The UCHealth University of Colorado Cancer Center – Anschutz Medical Campus is part of the latest clinical trial testing a new and promising line of attack against lethal blood cancers.

The trial, sponsored by Seattle-based Juno Therapeutics, targets patients with diffuse large B cell lymphoma, an aggressive variety of the blood cancers classified as non-Hodgkin lymphomas. The disease causes the body’s B cells – a type of lymphocyte, or white blood cell, that normally act as infection-fighting soldiers in the body’s immune system – to grow exponentially. The rogue cells travel to other parts of the body through the lymphatic system, where they collect and form malignant tumors.

Diffuse large B cell lymphoma, or DLBCL, is one of the most common forms of aggressive non-Hodgkin lymphomas, with some 72,000 cases diagnosed each year, said Manali Kamdar, MD, clinical director of Lymphoma Services for the Cancer Center. Patients with newly diagnosed DLBCL usually receive a combination of chemotherapy drugs to wipe out the cancer, Kamdar said, and nearly two-thirds of them are cured.

However, 30 to 40 percent either do not respond to initial therapy or relapse shortly thereafter. The standard of care for these patients is more intense chemotherapy, Kamdar said, followed by a transplant of the patient’s own blood-forming stem cells.

“Unfortunately, very few patients respond to salvage chemotherapy and even fewer are able to proceed to stem cell transplant,” Kamdar said. “These patients uniformly have shown to have a dismal prognosis.”

The toughest cases

It is these patients – specifically those who have tried at least two lines of treatment unsuccessfully – who are the focus of the Juno trial. It’s part of a fast-growing effort to develop therapies that re-engineer the body’s own cells to seek and destroy cancer cells.

The approach, broadly called CAR (chimeric antigen receptor) T cell therapy, aims to target cancer cells precisely rather than bludgeon them, along with healthy cells, as chemotherapy does. The target in the Juno trial is a protein expressed by DLBCL cells known as CD19. To develop an attack, clinicians first use apheresis to separate T cells, which recognize and fight viruses in the body, from the patient’s blood. They send the T cells to Juno facilities, where they are injected with a virus that genetically reprograms them to recognize the CD19 protein using specially developed receptors: CARs.

The reprogrammed cells thus become dedicated DLBCL fighters, but before they can help the patient, their forces must grow by millions. Juno does so at its manufacturing plant, then sends the re-engineered T cells back to the treatment provider – in this case the Cancer Center. The patient receives a series of three chemotherapy treatments to eliminate the lymphocytes that would perceive the new T cells as invaders and attack them. With that accomplished, clinicians infuse the patient with the CAR T cells, which go on the attack against the DLBCL cells waving their CD19 red flags, binding to the protein and killing the cells.

CAR T cell therapy has generated great excitement recently. Kymriah, a Novartis-developed therapy for children and young adults up to age 25 with acute lymphoblastic leukemia (ALL), received FDA approval in August. It too targets the CD19 protein. More than 80 percent achieved remission within one month of therapy.  The longest ALL CAR T-treated patient is more than five years from treatment and she remains in remission. Kymriah could receive approval to treat DLBCL soon.
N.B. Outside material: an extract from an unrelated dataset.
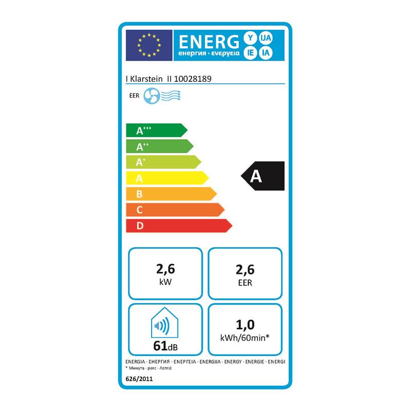 Ročná spotreba energie (celkový príkon znásobený na základe 500 hodín prevádzky chladenia pri plnej záťaži) v kWh: 500kWh

Yescarta, from Kite Pharma, in October became the first FDA-approved CAR T therapy for patients with DLBCL who relapsed after two previous treatments of other kinds. The target once again is CD19.

Forging new frontiers

“What was once science fiction is becoming reality,” said Enkhtsetseg Purev, MD, PhD, a hematologic oncologist and principal investigator for the Juno trial at the Cancer Center. Early results of the therapy, dubbed JCAR017, have been encouraging, she said. About 80 percent of the roughly 30 DLBCL patients enrolled nationwide had responded after 30 days to the CAR T treatment, while 60 percent had achieved a “complete response” and gone into longer-term remission.

William McDuffie, 67, of Cheyenne, Wyoming, hopes to be among the success stories. McDuffie, the Cancer Center’s first JCAR017 trial patient, worked as an office manager in a manufacturing plant and enjoyed relatively good health until February 2015, when he began experiencing night sweats. He lost weight abruptly, shedding 65 pounds in only two months. He said he also began to “get loopy,” with strange dreams and hallucinations.
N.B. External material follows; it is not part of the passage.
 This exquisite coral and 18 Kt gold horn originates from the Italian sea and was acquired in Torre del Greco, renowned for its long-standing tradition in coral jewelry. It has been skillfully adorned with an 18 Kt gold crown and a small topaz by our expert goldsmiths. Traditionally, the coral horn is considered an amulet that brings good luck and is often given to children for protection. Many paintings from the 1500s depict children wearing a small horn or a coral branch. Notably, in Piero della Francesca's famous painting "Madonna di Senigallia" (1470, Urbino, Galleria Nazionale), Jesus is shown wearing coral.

“It was scary,” said his wife Grace.

In August 2015, McDuffie spent more than three weeks in the hospital in Cheyenne, where he was diagnosed with DLBCL. By then it had spread under both clavicles and into his spleen. He improved after chemotherapy treatment, but relapsed after 10 months. His oncologist referred him to Kamdar, who ordered a second round of chemotherapy known as RICE, a combination of four drugs. That too failed after several rounds, and a PET CT scan showed that the lymphoma continued to progress.
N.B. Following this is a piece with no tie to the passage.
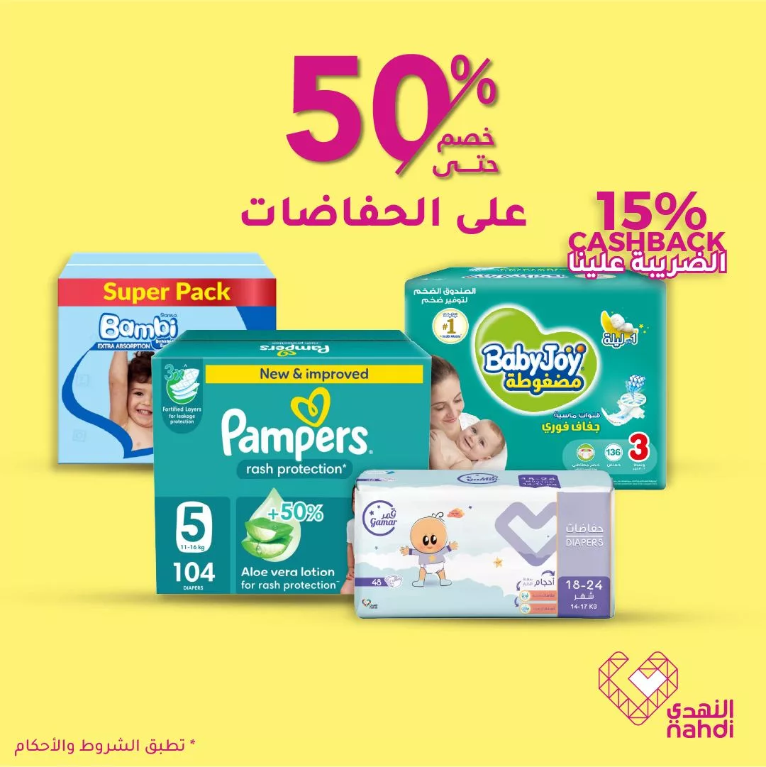 - الخصومات تصل إلى ٥٠٪ على الحفاضات المختارة

By that time, McDuffie had had enough of chemo, which combined with the disease to leave him weak and without an appetite. He was fatigued and unsteady, making his daily walking difficult. The simple act of walking through a doorway became a potential misadventure. Grace took over bill-paying and all the daily household chores as his health steadily declined.

There was a ray of hope: the JCAR017 had officially opened at the Cancer Center. McDuffie said he was aware of the budding studies of CAR T cell therapy, having read articles about it in The Economist and the New York Times, and decided it was worth a try.

In late September, the Cancer Center’s Apheresis Unit collected McDuffie’s T cells. They went to the Juno manufacturing facility and returned to the Cancer Center three-and-a-half weeks later, packaged and frozen in vials. After three days of lymphocyte-suppressing chemotherapy, McDuffie rested for a day, then received the CAR T cells in two infusions performed in mid-October on the Blood and Marrow Unit at UCHealth University of Colorado Hospital. He spent the next two weeks there for recovery and observation.

Speaking with a visitor in the Cancer Center in early November, McDuffie discussed forthrightly the ordeals of the past two-and-a-half years – the physical and mental challenges of the disease and the many infusions, scans and biopsies that came as part of the battle against it. He’d regained most of the weight he’d lost and was hopeful the trial had given him another chance at life.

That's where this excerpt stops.